→ Data
+-------+

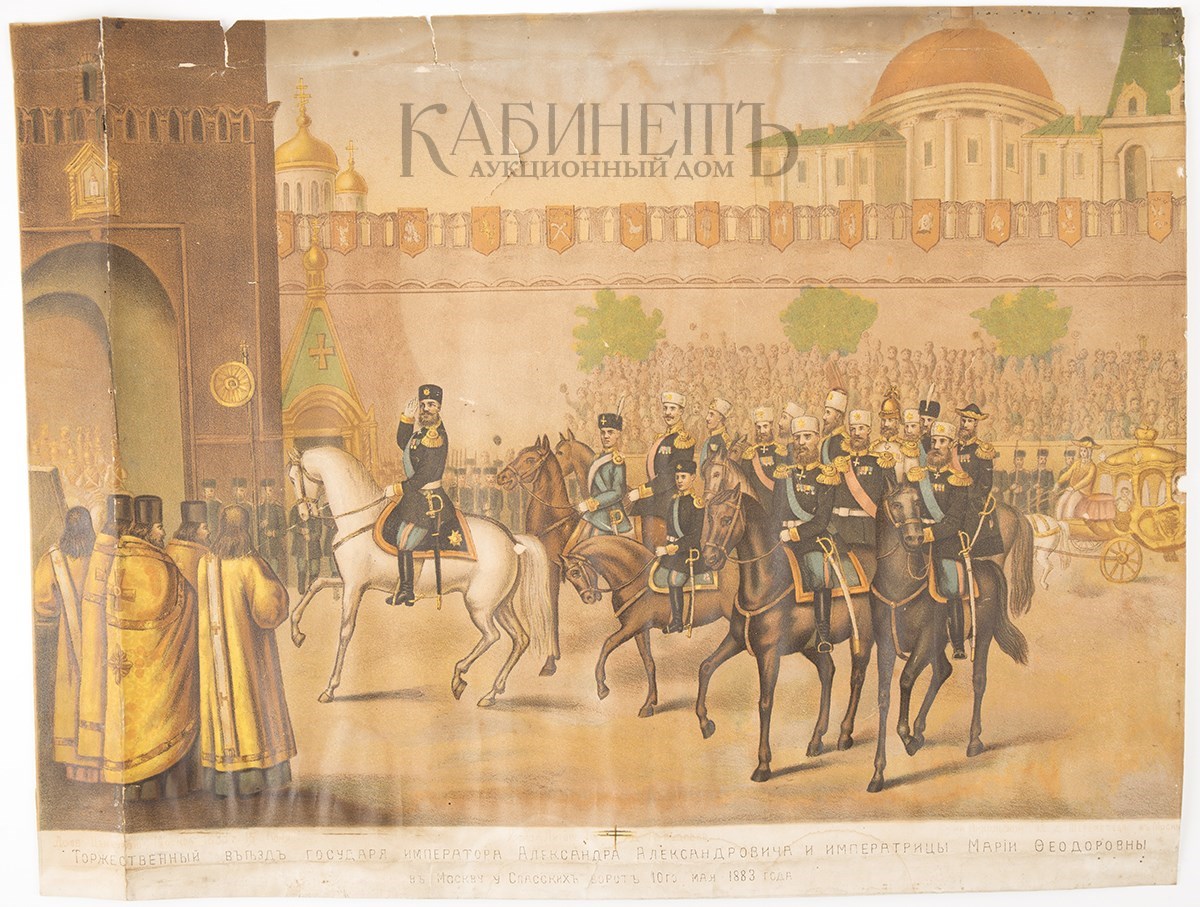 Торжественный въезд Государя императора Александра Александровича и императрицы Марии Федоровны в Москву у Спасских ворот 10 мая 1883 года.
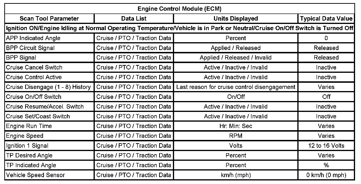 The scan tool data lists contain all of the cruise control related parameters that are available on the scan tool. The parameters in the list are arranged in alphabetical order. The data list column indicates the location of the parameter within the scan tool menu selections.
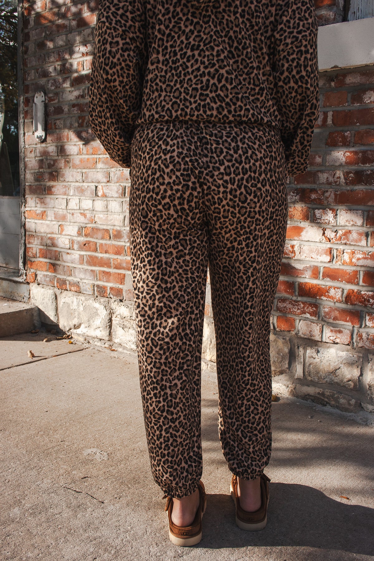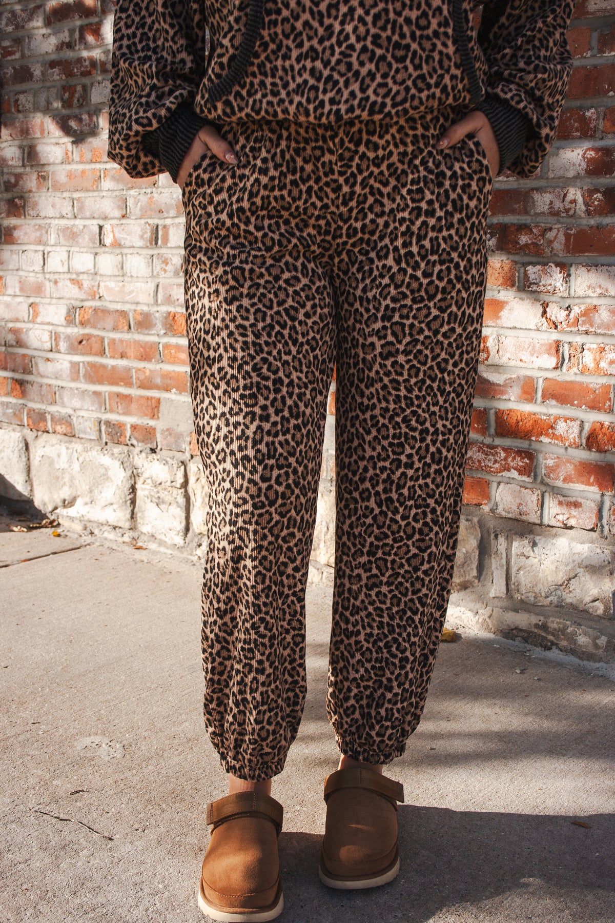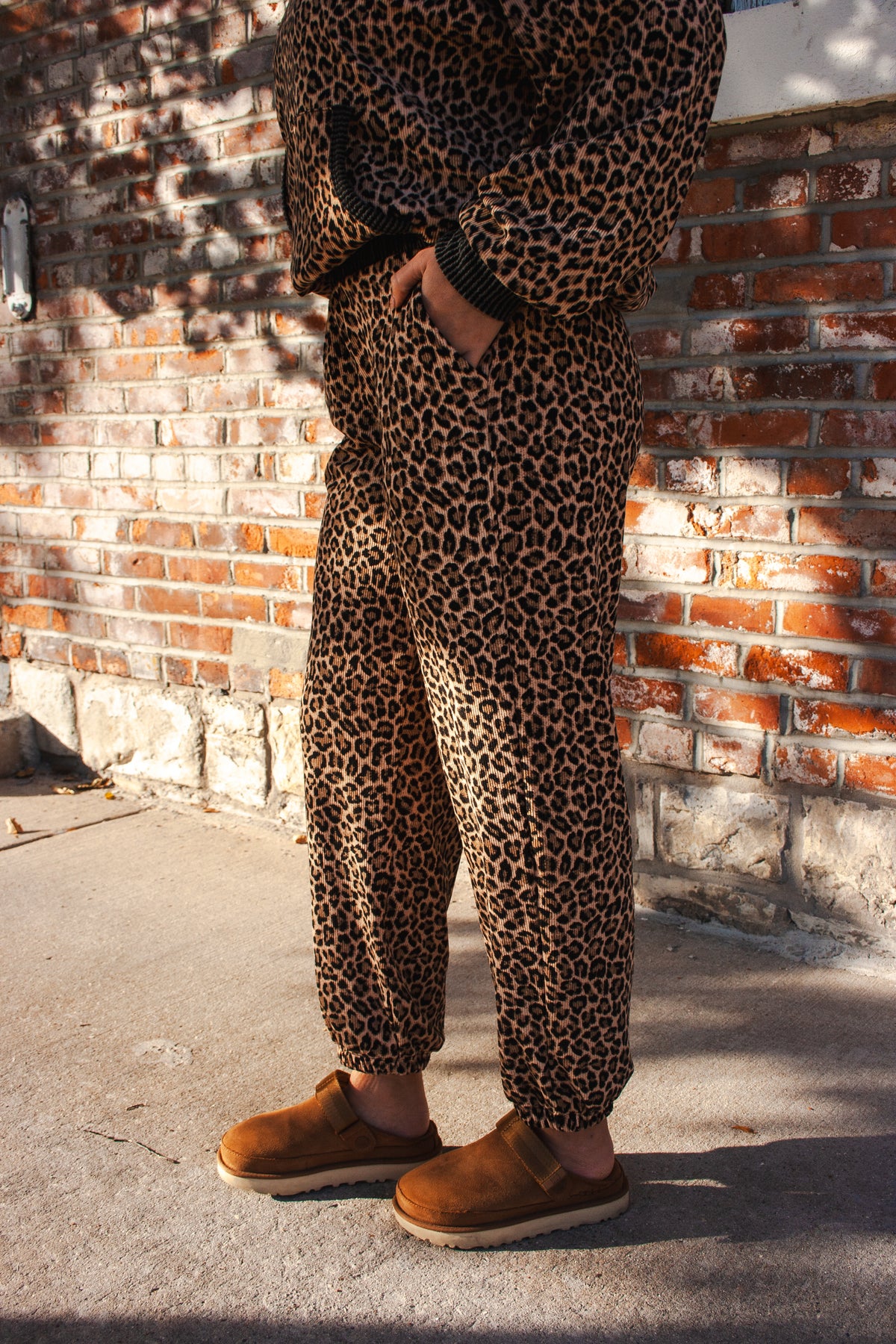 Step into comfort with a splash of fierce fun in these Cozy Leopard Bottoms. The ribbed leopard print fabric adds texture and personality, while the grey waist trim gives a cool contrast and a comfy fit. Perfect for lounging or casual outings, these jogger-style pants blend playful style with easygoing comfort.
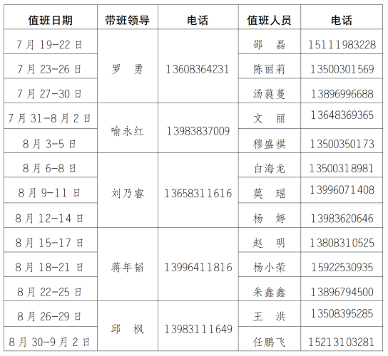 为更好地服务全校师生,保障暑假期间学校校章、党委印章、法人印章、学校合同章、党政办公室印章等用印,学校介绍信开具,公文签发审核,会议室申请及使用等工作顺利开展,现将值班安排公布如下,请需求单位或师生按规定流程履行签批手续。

+-------+

→ Aim of the task
Reprint the whole listing above exactly, taking out the pictures.

→ Result of this task
 Торжественный въезд Государя императора Александра Александровича и императрицы Марии Федоровны в Москву у Спасских ворот 10 мая 1883 года.
 The scan tool data lists contain all of the cruise control related parameters that are available on the scan tool. The parameters in the list are arranged in alphabetical order. The data list column indicates the location of the parameter within the scan tool menu selections.
 Step into comfort with a splash of fierce fun in these Cozy Leopard Bottoms. The ribbed leopard print fabric adds texture and personality, while the grey waist trim gives a cool contrast and a comfy fit. Perfect for lounging or casual outings, these jogger-style pants blend playful style with easygoing comfort.
 为更好地服务全校师生,保障暑假期间学校校章、党委印章、法人印章、学校合同章、党政办公室印章等用印,学校介绍信开具,公文签发审核,会议室申请及使用等工作顺利开展,现将值班安排公布如下,请需求单位或师生按规定流程履行签批手续。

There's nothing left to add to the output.